▶ [Data records]

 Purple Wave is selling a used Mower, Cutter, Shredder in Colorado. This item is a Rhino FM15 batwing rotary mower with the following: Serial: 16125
...
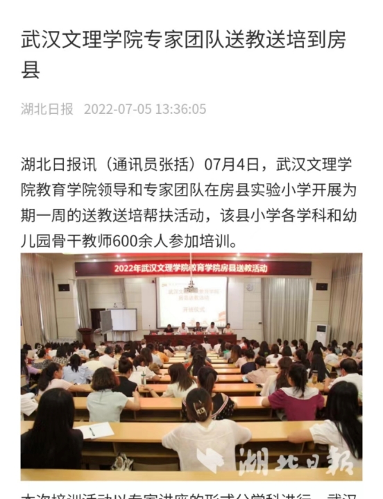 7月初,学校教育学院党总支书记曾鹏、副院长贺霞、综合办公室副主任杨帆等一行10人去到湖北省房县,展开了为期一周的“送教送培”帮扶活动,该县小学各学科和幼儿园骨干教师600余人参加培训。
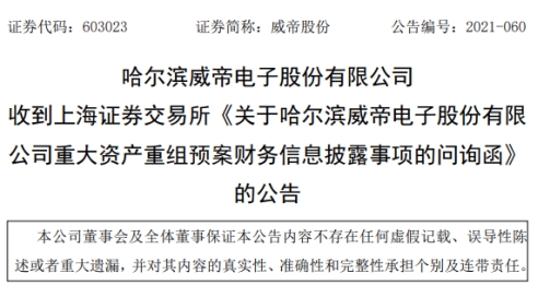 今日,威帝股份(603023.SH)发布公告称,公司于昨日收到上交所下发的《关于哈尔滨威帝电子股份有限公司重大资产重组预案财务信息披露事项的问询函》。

▶ [What you will do] Each line above from the one containing "7月初,学校教育学院党总支书" through the one containing "今日,威帝股份(603023" is to be returned verbatim. Nothing else, and no pictures.

▶ [Expected output]
 7月初,学校教育学院党总支书记曾鹏、副院长贺霞、综合办公室副主任杨帆等一行10人去到湖北省房县,展开了为期一周的“送教送培”帮扶活动,该县小学各学科和幼儿园骨干教师600余人参加培训。
 今日,威帝股份(603023.SH)发布公告称,公司于昨日收到上交所下发的《关于哈尔滨威帝电子股份有限公司重大资产重组预案财务信息披露事项的问询函》。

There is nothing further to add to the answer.